WHAT THIS TASK INVOLVES.
Which lines run from the one with "พร้อมทั้งมีโทรทัศน์ขนาด 55 นิ้วให้บริการอีกด้วย" through the end of the data? Retype them exactly, without pictures.

MATERIALS PROVIDED.

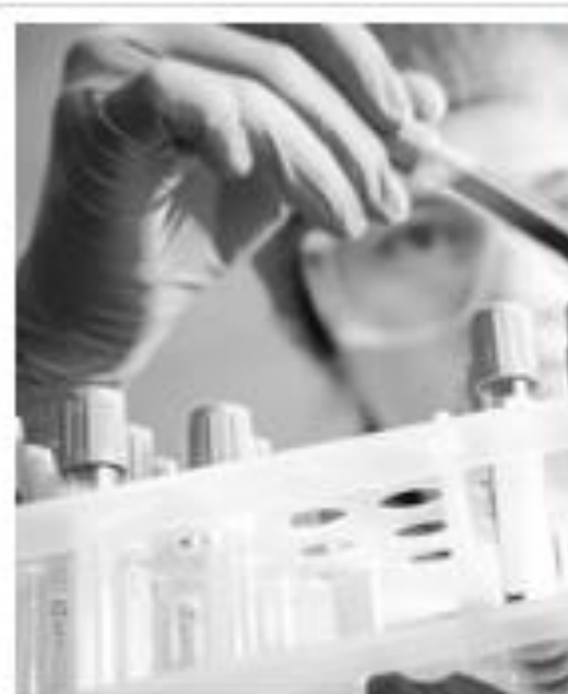
Évolution du cancer
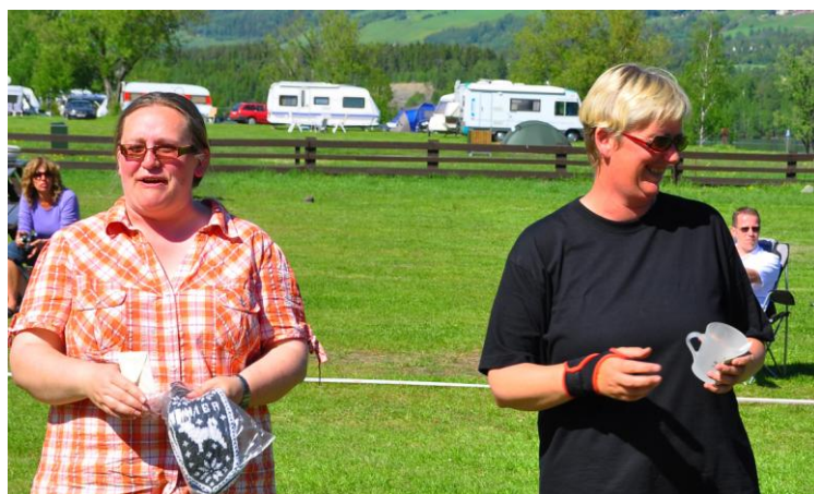
Utstillingskomiteen, som ble ringsekretær og skriver....
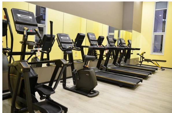
< ห้องออกกำลังกาย >

เหมาะสำหรับการจัดกิจกรรมหลากหลายรูปแบบ พร้อมทั้งมีโทรทัศน์ขนาด 55 นิ้วให้บริการอีกด้วย
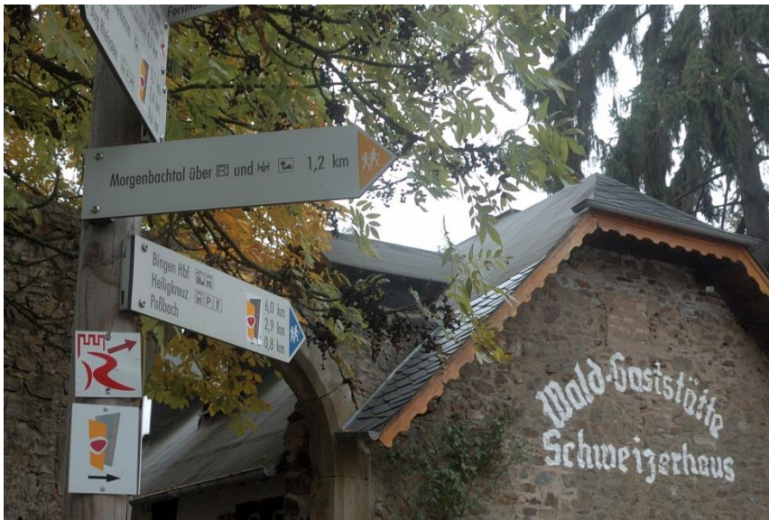
Bald ist die Wald- Gaststätte Schweizerhaus erreicht

EXERCISE ANSWER.
เหมาะสำหรับการจัดกิจกรรมหลากหลายรูปแบบ พร้อมทั้งมีโทรทัศน์ขนาด 55 นิ้วให้บริการอีกด้วย
Bald ist die Wald- Gaststätte Schweizerhaus erreicht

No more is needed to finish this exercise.